Her şeyden önce, geliştiriciler Victoria 3’ün savaşın ne kadar maliyetli olduğunu yeniden yaratmaya çalıştı. Bir ülkenin tüm ekonomisini tepetaklak edebilirler. Silaha çağrılan tüm orduların normalden iki kat daha fazla kaynak tükettiği gerçeğiyle başlayalım. Bu, gerekli ürünler için büyük bir talep yaratır ve ister üretim ister satın alma yoluyla bir şekilde elde edilmesi gereken, elbette şişirilmiş fiyatlarla, çünkü diğer ülkelerin liderleri acil ihtiyaçlarımıza göz yummayacaklardır. Bu nedenle, başka bir ülkeyle çatışmaya hazırlanırken, sanayinin ticaret ablukaları ve işçi kıtlığı nedeniyle bozulan bir ekonomiyi çekebileceğinden emin olunmalıdır.

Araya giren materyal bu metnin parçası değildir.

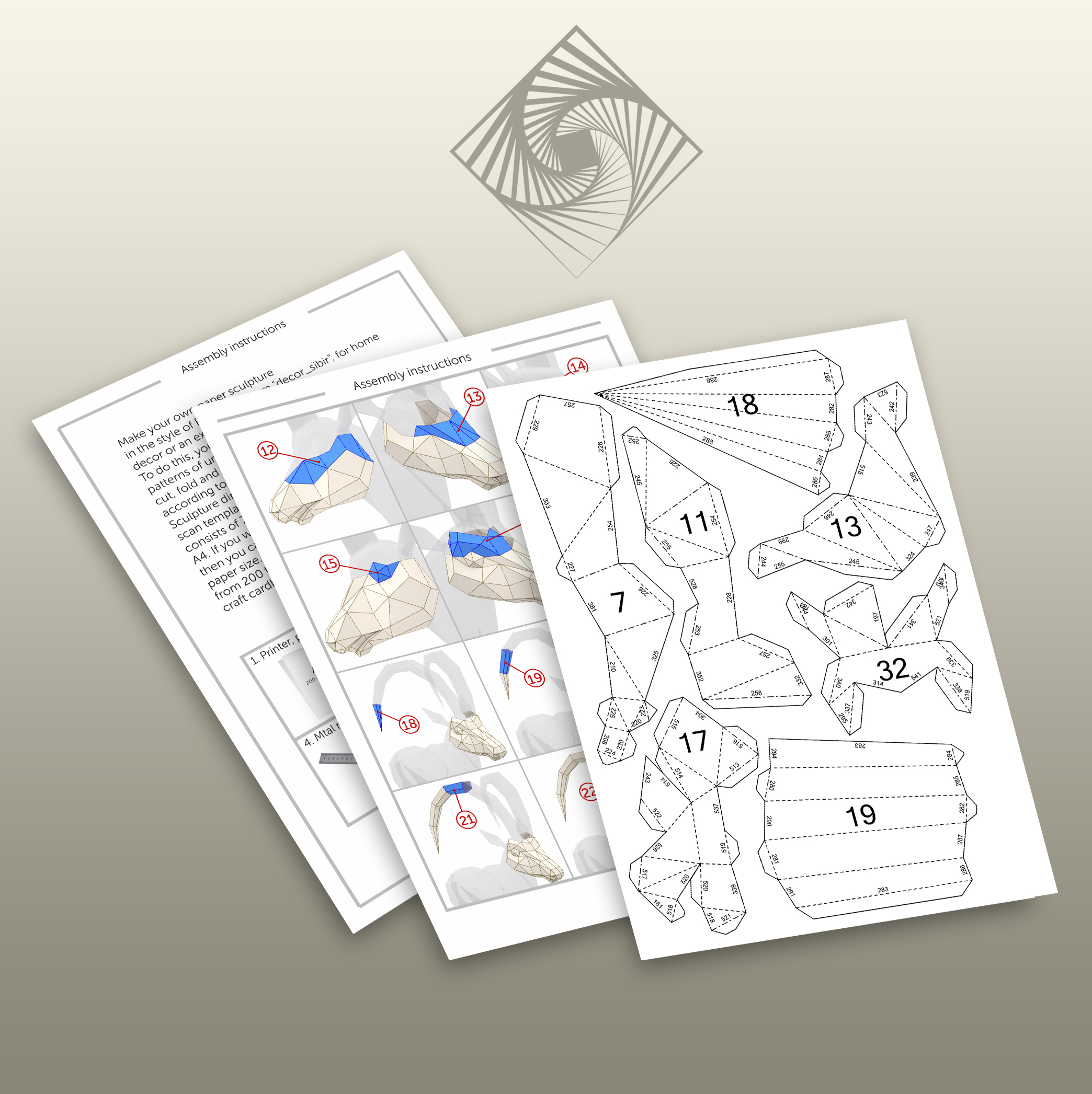 Papercraft de bouquetin à grandes cornes en origami 3D

Ancak bir çatışma sonrasında veya ülkemiz aktif bir diplomatik oyun oynarken devreye girebilecek olan toplu askerlik uygulamasının fabrikalarda daha az insanın çalışmasına yol açacağını unutmayın. Bunu yapmazsak cephedeki orduları tedarik edememe riskini alırız ve bir kısır döngü oluşur.
Elbette her ilde doğru altyapıyı hazırlamayı da unutmamalıyız. Askerlerimiz için doğru tedarik zincirini sağlayacaktır. Ayrıca, örneğin ülkemizin hangi bölgelerinin askere alınan askerleri ve malzemelerini mümkün olan en kısa sürede cepheye taşımak için en iyi ulaşım seçeneklerini sunduğu gibi bazı stratejik düşünmeye zorlayacaktır.
Victoria 3, milislerle başlayan ve düzenli bir orduyla biten çeşitli birlik türleri sunacak. Bunları ekonomik kapasitemize, ülkemizin yasalarına ve genel ilerleme düzeyine göre seçmek gerekecektir.
Her ordu türünün kendi güçlü ve zayıf yönleri olacaktır. Örneğin, barış zamanında milislerin bakımı nispeten ucuz olacak, ancak savaş zamanında daha maliyetli olacak ve örgütlenmesi uzun zaman alacak. Düzenli askerler ise, gerektiğinde hemen cepheye yürümeye hazır olacak ve sivilleri çok fazla zorunlu askerliğe zorlamayacak, aynı zamanda ülkemizin prestijini de artıracaktır. Ek olarak, belirli bir orduda ne tür taburların olacağına dair daha esnek konfigürasyona izin verecekler. Bununla birlikte, uygun teknolojiyi gerektireceklerdir.
Ülke ekonomisi sadece savaş zamanları kötü duruma düşmeyecek. Ortalık yatıştıktan sonra, çatışmalardan etkilenen bölgelerin eski üretkenliklerine dönmeleri biraz zaman alacak. İlginç bir şekilde, bu sadece istatistiklerle gösterilmeyecek, aynı zamanda haritada da görülecektir. Bu, aşağıdaki resimde iyi görülebilir.
Gördüğümüz gibi, Victoria 3’teki silahlı çatışmalar haklarınızı savunmanın en uygun maliyetli yolu olmayabilir. Ancak bazen gerekli oldukları ortaya çıkıyor. Dolayısıyla diplomasiye güvenseniz bile, ‘Barış istiyorsanız savaşa hazırlanın’ anlamına gelen ünlü Latince atasözü ‘si vis pacem, para bellum’u hatırlamanız gerekecek.